Cautions for Hard and Harmful Situations
This chapter must not be used to pressure a wife to remain silent under sin, coercion, intimidation, addiction, or harm. Biblical marriage never requires a spouse to pretend evil is good. Scripture calls believers to truth, justice, protection of the vulnerable, and wise accountability (Psalms 82:3-4; Proverbs 31:8-9; Matthew 18:15-17; Romans 13:1-4).
If there is abuse, credible threats, coercive control, sexual sin, addiction, severe mental health crisis, or danger to a spouse or children, outside help is not a lack of faith. It may be an act of wisdom and obedience. A wife in danger should seek safety and appropriate help from trusted church leaders, qualified counselors, legal authorities, or emergency services as needed. A husband who is harming his wife should not demand trust while refusing repentance, accountability, and change.
Disability, trauma, chronic illness, grief, and mental health struggles also require patience and wisdom. A husband should not weaponize Ephesians 5 against his wife by demanding that she respond on his timeline. Nourishing and cherishing love learns, listens, adapts, and seeks help when the burden is too heavy for the couple to carry alone.
Repentance and Grace for the Neglectful Husband
Many husbands will read this chapter and realize they have failed. Some have been selfish. Some have been passive. Some have provided money but withheld tenderness. Some have expected their wives to carry the home, the children, the emotions, the planning, and the relationship while they pursued their own comfort.
The answer is not shame without hope. The answer is repentance and grace. Christ died for sinners. He forgives, cleanses, teaches, and changes His people. A husband should not say, “That is just how I am.” In Christ, he is called to grow. The Spirit of God produces love, joy, peace, longsuffering, gentleness, goodness, faith, meekness, and self-control (Galatians 5:22-23).
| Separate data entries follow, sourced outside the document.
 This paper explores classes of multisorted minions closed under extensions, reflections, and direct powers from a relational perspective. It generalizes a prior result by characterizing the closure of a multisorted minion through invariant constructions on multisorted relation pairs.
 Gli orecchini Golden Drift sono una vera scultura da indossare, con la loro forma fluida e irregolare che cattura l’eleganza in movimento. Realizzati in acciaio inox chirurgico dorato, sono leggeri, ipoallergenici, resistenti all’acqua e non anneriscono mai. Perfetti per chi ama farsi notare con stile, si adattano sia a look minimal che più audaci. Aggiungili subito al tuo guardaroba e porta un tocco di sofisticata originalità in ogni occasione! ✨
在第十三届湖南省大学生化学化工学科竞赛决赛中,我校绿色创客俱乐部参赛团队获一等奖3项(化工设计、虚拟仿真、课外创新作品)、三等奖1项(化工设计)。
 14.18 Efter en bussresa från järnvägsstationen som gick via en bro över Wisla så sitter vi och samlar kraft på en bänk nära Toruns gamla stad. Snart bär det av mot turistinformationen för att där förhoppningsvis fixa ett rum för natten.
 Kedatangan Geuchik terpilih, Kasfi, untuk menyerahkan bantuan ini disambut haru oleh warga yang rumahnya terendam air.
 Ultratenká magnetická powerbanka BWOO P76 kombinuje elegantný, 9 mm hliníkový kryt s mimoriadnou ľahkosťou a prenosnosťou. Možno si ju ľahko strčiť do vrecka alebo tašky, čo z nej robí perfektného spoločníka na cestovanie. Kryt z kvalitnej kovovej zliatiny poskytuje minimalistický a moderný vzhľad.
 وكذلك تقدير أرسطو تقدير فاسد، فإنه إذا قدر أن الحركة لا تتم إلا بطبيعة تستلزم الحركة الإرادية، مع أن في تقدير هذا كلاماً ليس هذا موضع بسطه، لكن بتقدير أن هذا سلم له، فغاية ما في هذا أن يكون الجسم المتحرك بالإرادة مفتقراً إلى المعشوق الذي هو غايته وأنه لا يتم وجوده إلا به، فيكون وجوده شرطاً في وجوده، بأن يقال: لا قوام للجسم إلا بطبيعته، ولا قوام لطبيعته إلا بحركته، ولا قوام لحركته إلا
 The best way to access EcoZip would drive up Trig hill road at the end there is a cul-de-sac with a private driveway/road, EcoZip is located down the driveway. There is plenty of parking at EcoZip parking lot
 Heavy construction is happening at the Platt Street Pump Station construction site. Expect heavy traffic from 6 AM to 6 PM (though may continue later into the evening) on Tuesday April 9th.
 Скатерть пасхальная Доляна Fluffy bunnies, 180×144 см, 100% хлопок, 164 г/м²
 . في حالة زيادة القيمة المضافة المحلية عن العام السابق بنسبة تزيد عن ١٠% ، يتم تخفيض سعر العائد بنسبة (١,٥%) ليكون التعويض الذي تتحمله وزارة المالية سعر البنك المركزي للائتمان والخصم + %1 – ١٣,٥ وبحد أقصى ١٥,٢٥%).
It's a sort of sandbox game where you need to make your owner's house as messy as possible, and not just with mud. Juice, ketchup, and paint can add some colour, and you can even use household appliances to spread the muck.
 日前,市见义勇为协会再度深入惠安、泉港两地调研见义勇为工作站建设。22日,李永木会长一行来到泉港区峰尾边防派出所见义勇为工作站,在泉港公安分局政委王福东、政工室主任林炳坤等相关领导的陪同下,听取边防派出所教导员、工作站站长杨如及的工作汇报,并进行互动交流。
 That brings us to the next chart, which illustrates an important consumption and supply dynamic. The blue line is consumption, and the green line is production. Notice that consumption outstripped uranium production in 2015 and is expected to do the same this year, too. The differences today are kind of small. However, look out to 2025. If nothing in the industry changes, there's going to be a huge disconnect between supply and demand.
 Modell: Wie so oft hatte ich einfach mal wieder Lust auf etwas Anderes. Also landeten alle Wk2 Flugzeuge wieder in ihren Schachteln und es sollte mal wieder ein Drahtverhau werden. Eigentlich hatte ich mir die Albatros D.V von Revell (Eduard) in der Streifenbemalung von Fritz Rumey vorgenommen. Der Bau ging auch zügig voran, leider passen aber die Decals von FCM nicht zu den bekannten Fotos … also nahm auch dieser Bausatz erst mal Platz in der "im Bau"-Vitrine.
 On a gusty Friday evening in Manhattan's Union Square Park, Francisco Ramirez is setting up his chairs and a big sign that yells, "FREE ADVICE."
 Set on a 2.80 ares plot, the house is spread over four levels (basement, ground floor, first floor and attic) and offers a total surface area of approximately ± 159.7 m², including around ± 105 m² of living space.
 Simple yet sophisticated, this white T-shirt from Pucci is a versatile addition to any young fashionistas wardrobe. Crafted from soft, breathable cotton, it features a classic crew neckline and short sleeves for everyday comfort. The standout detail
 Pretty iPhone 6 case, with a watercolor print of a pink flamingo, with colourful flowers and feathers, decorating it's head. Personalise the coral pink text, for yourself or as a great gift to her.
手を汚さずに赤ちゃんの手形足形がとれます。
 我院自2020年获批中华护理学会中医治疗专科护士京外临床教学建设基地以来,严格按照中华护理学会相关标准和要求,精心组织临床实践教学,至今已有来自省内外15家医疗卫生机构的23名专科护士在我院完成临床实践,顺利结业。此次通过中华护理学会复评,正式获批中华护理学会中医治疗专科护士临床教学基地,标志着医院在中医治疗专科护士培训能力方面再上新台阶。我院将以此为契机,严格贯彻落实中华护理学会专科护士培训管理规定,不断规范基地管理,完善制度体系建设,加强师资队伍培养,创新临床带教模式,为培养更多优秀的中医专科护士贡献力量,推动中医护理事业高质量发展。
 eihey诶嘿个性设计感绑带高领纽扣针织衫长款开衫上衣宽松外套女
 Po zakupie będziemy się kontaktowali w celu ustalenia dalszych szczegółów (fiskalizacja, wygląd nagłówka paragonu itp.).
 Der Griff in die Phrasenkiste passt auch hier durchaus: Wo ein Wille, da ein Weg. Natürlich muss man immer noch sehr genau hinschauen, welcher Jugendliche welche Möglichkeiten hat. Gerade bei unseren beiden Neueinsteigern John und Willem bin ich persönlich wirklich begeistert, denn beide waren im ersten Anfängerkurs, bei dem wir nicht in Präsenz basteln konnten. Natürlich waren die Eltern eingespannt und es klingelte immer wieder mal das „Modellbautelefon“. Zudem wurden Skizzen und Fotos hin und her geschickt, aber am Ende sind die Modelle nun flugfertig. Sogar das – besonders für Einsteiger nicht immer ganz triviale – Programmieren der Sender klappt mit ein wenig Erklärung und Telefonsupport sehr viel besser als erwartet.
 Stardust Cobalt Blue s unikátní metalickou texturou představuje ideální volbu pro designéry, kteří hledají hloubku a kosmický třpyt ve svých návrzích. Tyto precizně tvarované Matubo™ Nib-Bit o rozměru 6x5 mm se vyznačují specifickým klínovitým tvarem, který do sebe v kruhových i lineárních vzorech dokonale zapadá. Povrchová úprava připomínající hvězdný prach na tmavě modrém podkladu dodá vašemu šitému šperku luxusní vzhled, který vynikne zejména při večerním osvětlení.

Repentance should become visible. It may begin with a humble confession: “I have not loved you as I should. I have cared too much about my own comfort and too little about your burdens. I want to learn how to nourish and cherish you better.” But words must be followed by action. A husband should ask his wife what would help, listen without arguing, and take specific steps. If patterns are deep, repeated, or harmful, he should invite accountability from mature believers and seek wise pastoral or professional help.
A Godly Husband Loves Her as His Own Body
Ephesians 5 does not call husbands to vague admiration. It calls them to embodied love. A husband is to nourish and cherish his wife because she is not a rival, servant, accessory, or inconvenience. She is his wife. In marriage, God has joined them together as one flesh.
To nourish her is to care for what strengthens her life. To cherish her is to treat her with warmth, tenderness, and honor. Together, these words describe a love that is practical and affectionate, responsible and gentle, sacrificial and wise.
The husband who loves this way reflects, in a small and imperfect way, the love of Christ for His church. Christ does not neglect His bride. He nourishes and cherishes her. Therefore, a godly husband must learn to look at his wife’s burdens, needs, joys, fears, limitations, and hopes with Christlike concern, and then love her not merely in word, but in deed and in truth.
Study Questions
- According to Ephesians 5:28-29, why does Paul say that a husband who loves his wife is also loving himself?
- What is the difference between “nourishing” and “cherishing” a wife, and why are both necessary for biblical love?
- How does the “one flesh” truth from Genesis 2:24 shape the way a husband should think about his wife’s burdens, needs, and well-being?
- Why is generosity toward a wife not the same as careless or unilateral spending, and how should mutual stewardship guide decisions about money, time, and household priorities?
- What should a husband do if he realizes he has been neglectful, passive, harsh, or selfish in the way he has treated his wife?